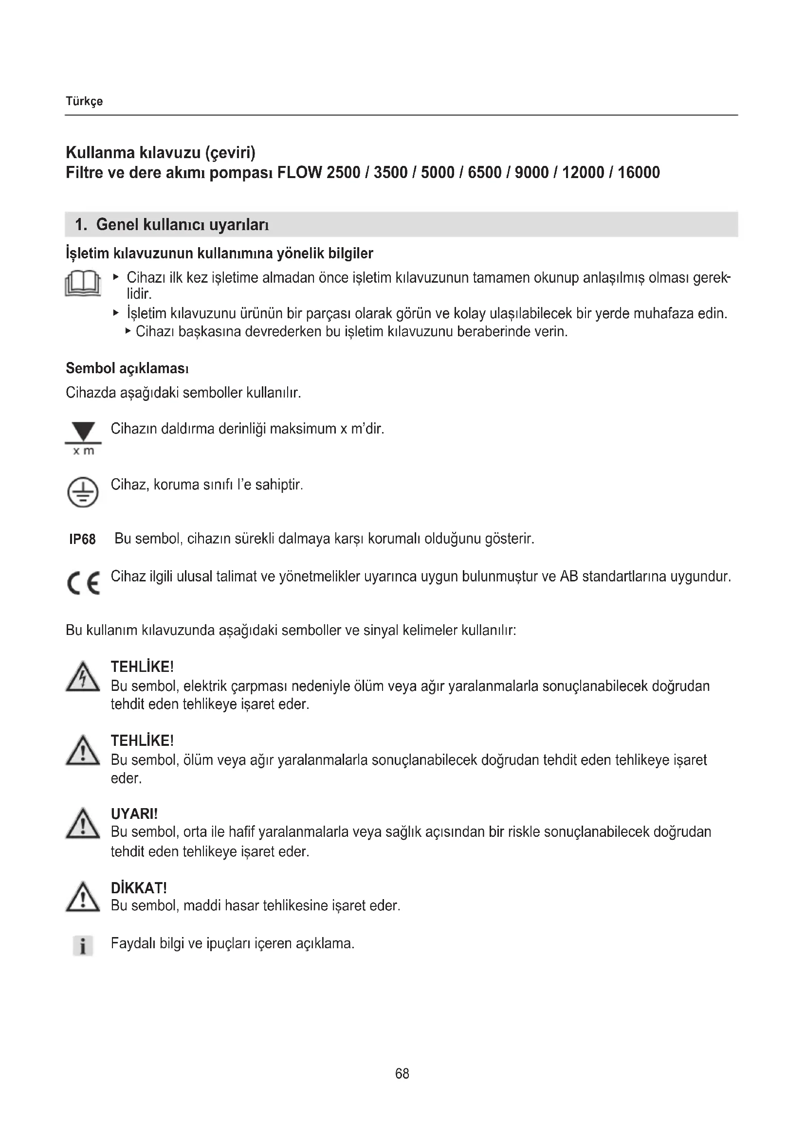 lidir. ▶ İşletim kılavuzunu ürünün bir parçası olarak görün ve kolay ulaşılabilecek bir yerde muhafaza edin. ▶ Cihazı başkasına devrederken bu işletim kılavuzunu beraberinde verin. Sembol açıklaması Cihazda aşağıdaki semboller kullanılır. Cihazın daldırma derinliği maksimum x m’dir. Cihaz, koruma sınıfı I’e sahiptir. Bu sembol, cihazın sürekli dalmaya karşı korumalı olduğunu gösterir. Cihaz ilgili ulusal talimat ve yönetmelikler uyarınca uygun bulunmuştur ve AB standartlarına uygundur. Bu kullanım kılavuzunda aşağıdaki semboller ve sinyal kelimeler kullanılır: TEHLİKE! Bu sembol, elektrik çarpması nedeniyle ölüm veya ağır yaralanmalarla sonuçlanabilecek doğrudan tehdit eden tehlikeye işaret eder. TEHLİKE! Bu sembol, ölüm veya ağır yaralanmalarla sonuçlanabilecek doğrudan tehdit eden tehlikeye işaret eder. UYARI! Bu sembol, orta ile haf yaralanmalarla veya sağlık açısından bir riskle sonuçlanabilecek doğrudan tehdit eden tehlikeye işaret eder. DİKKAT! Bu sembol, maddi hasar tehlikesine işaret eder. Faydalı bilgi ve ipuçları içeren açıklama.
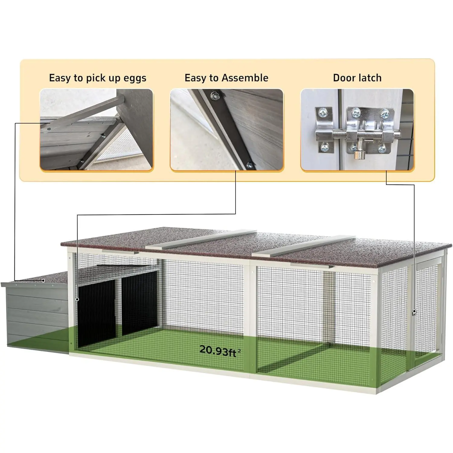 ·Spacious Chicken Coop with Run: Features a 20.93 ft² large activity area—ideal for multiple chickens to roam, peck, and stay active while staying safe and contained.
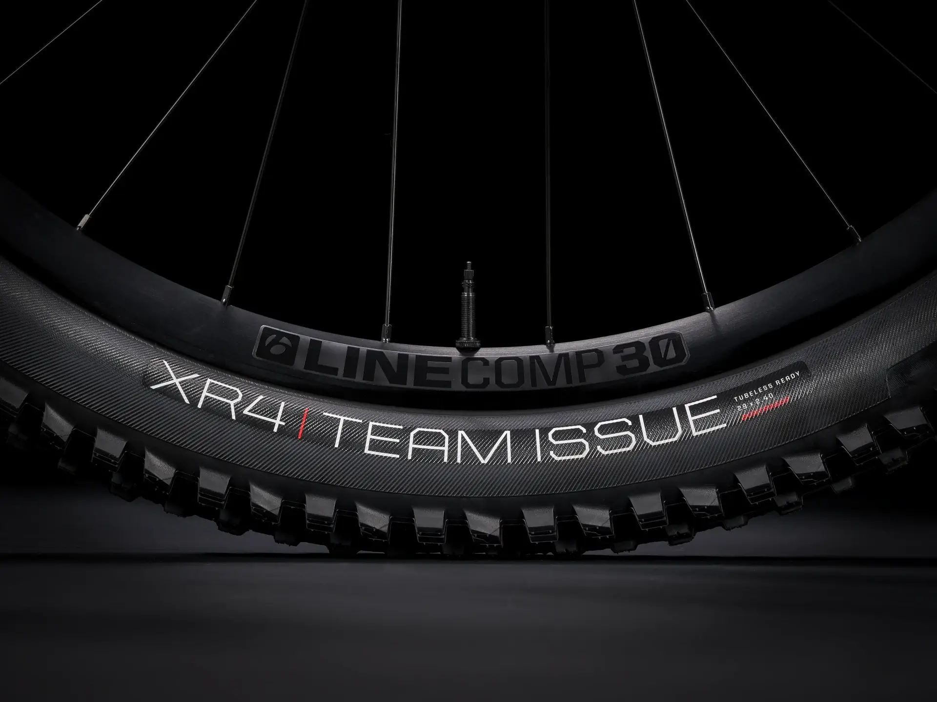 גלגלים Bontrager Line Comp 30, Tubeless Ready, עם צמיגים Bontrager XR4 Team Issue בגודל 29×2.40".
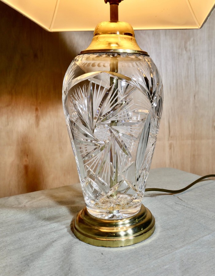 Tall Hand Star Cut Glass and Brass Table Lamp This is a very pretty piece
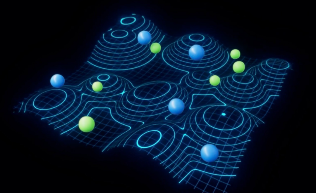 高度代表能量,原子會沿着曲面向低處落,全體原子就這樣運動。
--
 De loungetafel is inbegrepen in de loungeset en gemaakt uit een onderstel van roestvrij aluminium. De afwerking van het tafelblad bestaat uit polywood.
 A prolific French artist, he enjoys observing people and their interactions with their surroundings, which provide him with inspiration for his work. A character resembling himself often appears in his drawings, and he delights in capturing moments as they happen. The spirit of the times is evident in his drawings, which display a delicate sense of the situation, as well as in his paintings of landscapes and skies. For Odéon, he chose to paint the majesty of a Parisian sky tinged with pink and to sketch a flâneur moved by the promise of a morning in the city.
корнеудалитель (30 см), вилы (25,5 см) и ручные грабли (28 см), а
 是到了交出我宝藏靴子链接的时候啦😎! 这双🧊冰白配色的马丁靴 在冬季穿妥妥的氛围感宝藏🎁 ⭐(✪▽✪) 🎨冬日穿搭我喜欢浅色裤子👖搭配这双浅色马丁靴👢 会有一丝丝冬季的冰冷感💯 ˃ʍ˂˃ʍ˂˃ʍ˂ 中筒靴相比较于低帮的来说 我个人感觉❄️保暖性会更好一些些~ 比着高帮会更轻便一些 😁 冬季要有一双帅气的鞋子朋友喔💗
* * *
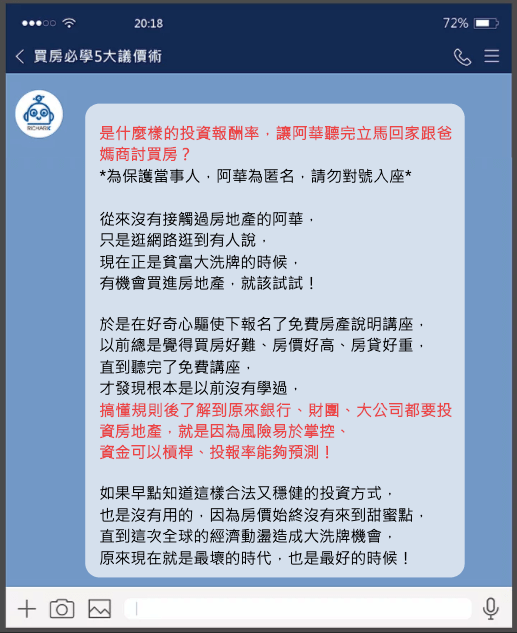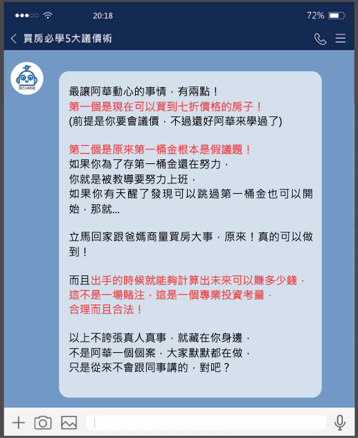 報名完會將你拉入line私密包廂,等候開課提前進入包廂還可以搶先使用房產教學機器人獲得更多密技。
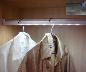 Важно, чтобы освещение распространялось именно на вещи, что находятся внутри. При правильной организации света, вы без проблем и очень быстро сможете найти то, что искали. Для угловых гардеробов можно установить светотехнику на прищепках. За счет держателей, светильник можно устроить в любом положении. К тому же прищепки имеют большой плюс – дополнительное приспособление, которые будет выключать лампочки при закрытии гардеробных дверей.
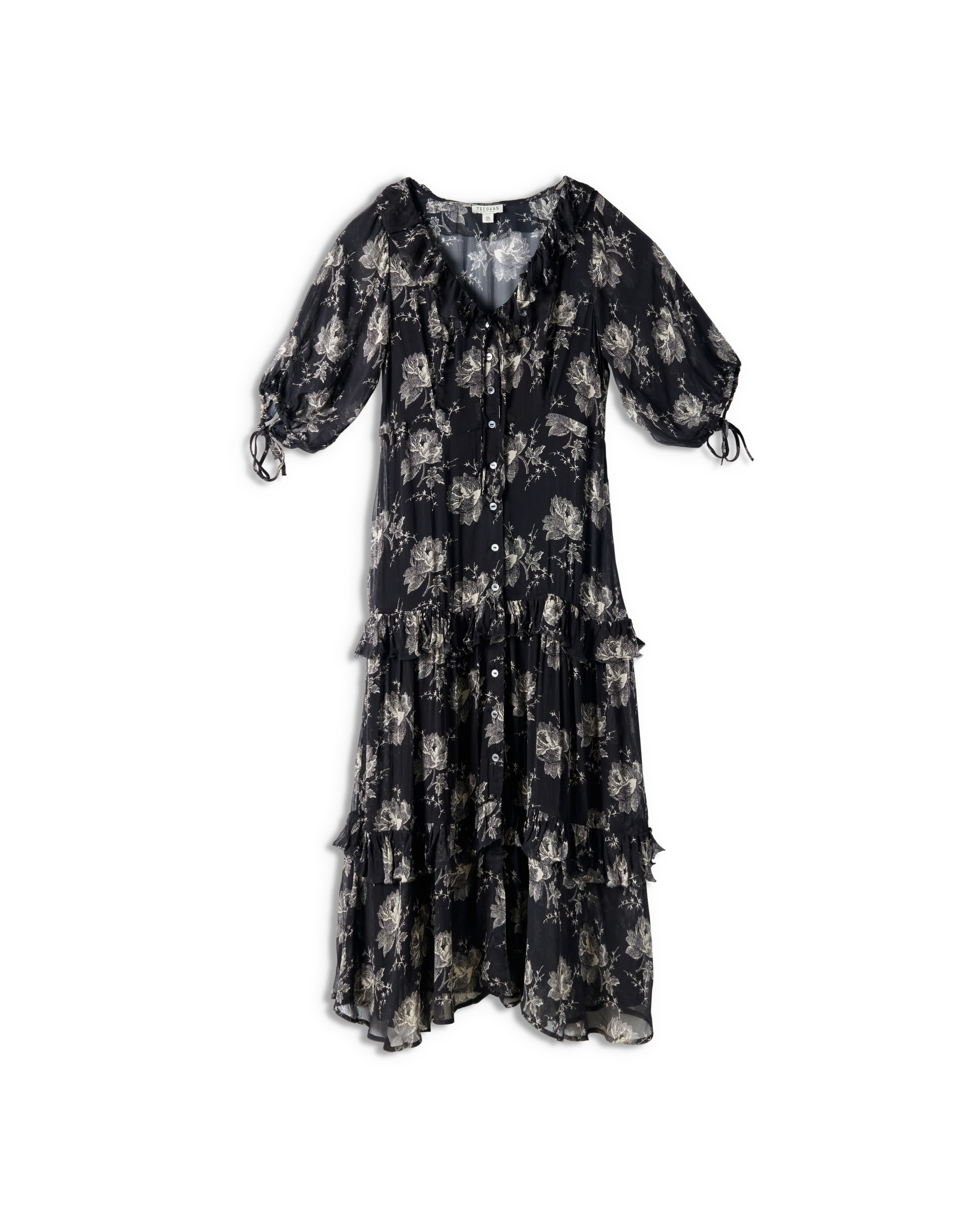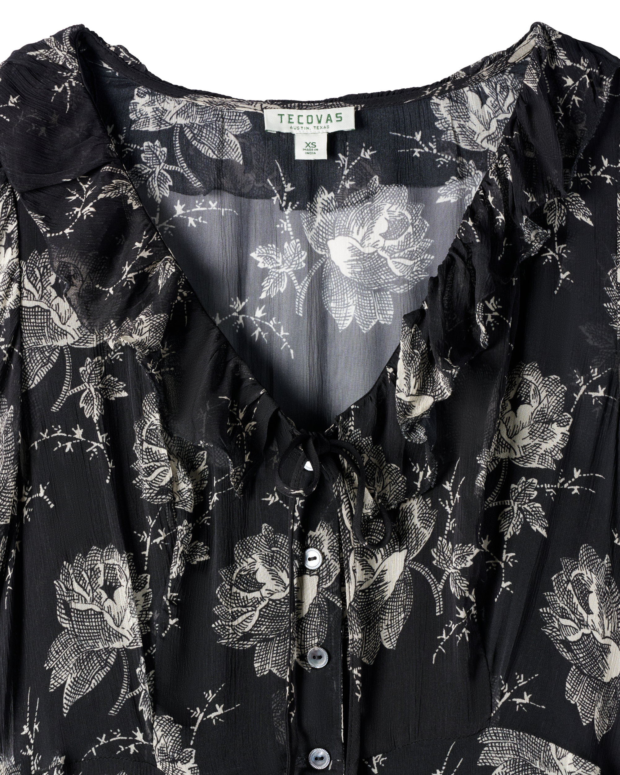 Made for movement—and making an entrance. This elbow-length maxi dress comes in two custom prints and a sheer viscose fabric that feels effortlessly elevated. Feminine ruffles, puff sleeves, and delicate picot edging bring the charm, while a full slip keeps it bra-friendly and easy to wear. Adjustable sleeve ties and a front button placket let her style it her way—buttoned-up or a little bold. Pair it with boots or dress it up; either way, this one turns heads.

(Exercise details)
What are the lines above from the one with "報名完會將你拉入line私密" to the one with "Made for movement—and", both included? Reproduce them exactly, without pictures.

(Solution for this task)
 報名完會將你拉入line私密包廂,等候開課提前進入包廂還可以搶先使用房產教學機器人獲得更多密技。
 Важно, чтобы освещение распространялось именно на вещи, что находятся внутри. При правильной организации света, вы без проблем и очень быстро сможете найти то, что искали. Для угловых гардеробов можно установить светотехнику на прищепках. За счет держателей, светильник можно устроить в любом положении. К тому же прищепки имеют большой плюс – дополнительное приспособление, которые будет выключать лампочки при закрытии гардеробных дверей.
 Made for movement—and making an entrance. This elbow-length maxi dress comes in two custom prints and a sheer viscose fabric that feels effortlessly elevated. Feminine ruffles, puff sleeves, and delicate picot edging bring the charm, while a full slip keeps it bra-friendly and easy to wear. Adjustable sleeve ties and a front button placket let her style it her way—buttoned-up or a little bold. Pair it with boots or dress it up; either way, this one turns heads.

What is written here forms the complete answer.